A renal critical care specialist, Goldfarb has mixed feelings about the pending Medicare rule. Contrast-induced AKI is common and can't always be prevented. But he says it can be reduced if hospitals have protocols in place, and the CMS move may push hospitals in that direction. Still, such programs can take time and effort to establish, says Goldfarb, who has consulted with other hospitals on how to set up a monitoring program. For example, logistical questions emerge, such as, Should radiologists or the clinicians administer fluid that can prevent contrast-induced AKI? And, in some cases, the clinicians don't want the hospitals to tell them what to do, he says.
"Having said that, I think it still can be done if you can identify the really high-risk patients and do something about it," Goldfarb says.
Cincinnati pediatric nephrologist Goldstein is using electronic medical records to do just that.
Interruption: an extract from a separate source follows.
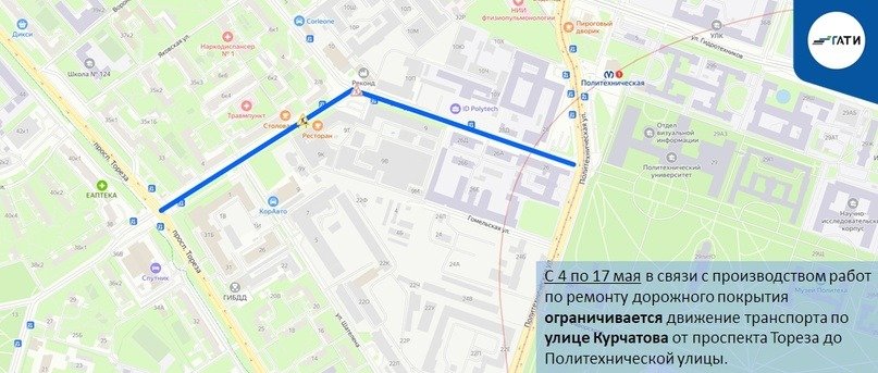 Кроме того, до 17 мая в связи с работами по ремонту дорожного покрытия ограничат движение по улице Курчатова — от проспекта Тореза до Политехнической улицы.

He says he got tired of consults that required him to repeatedly note "AKI secondary to NTMx [nephrotoxic medications], we will follow with you" in patient charts. He started to think that a simple, inexpensive creatinine test could be used to detect warning signs of the condition.
To be cost-effective, such a test would need to be targeted to pediatric patients most likely to develop kidney injury. Goldstein hypothesized that certain groups of patients were most at risk: those receiving the intravenous antibiotic aminoglycoside for more than three days and those who had been exposed to three nephrotoxic medications simultaneously. After a diagnostic database offered evidence supporting the elevated risk, the hospital's IT services programmed the hospital's electronic health records decision-support system to identify those patients so they could be screened.
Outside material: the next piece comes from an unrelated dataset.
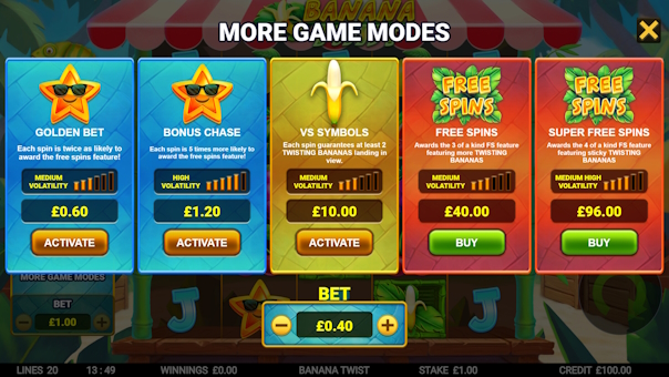 Banana Twist delivers a vibrant, high-energy slot experience on a unique 5x5 reel layout with 2 lines. Banana symbols act as wild multipliers that twist up or down the reels, boosting your win multiplier with every twist. Land 3 or more scatters to unlock free spins packed with even more twisting banana action. Hit the 4-of-a-kind feature to stick those valuable twisting bananas in place for bigger potential rewards. Enjoy a free bonus upgrade for a chance to enhance your 3-scatter bonus into the higher-paying 4-scatter feature. Plus, explore 5 exciting game modes, including bonus chasers, buying banana twists, and direct bonus purchases.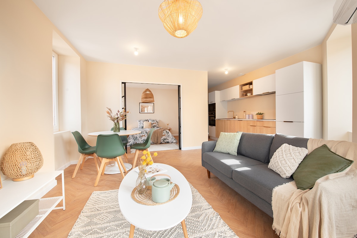 Chaleureux et minimaliste, venez découvrir notre bel appartement récemment rénové avec sa terrasse vue sur le clocher de la Cathédrale, dans un petit immeuble au deuxième étage sans ascenseur. Seule(e), en couple, en famille ou entre amis, laissez vous séduire pour découvrir notre belle ville d'Albi. Idéalement situé en plein centre ville, à deux pas de la Place du Vigan, de la Cathédrale, du Musée Toulouse Lautrec, du Palais de la Berbie et bien d'autres lieux à visiter.

With little prodding, doctors started to take note of dangerous changes in kidney functions and took steps to stave off AKI, he says.
The first year's 42% drop in AKI intensity—the number of days a patient has AKI before kidney function returns to baseline—translated into 900 patient days of AKI avoided in one year.
"What this program did was change nephrotoxic AKI from a necessary evil that we had to accept in treating complex patients to, in some cases, a potentially modifiable adverse safety event," he says. "Once you frame it that way, it takes on a whole different flavor."
Now, he hopes to share the lessons of this program with other hospitals. But, as with Goldfarb, Goldstein sees the need to get house staff to buy in. Pharmacists also are key to Goldstein's team. And efforts like these need support from the top.
"You absolutely have to have a hospital administration that believes there is a business case for quality," says Goldstein. That way, they will be willing to make the up front investment in information technology and pharmacy services.
The goal is to learn from the barrier he and his team had to overcome in Cincinnati.
"We basically want to make this a playbook so we can spread this to other hospitals."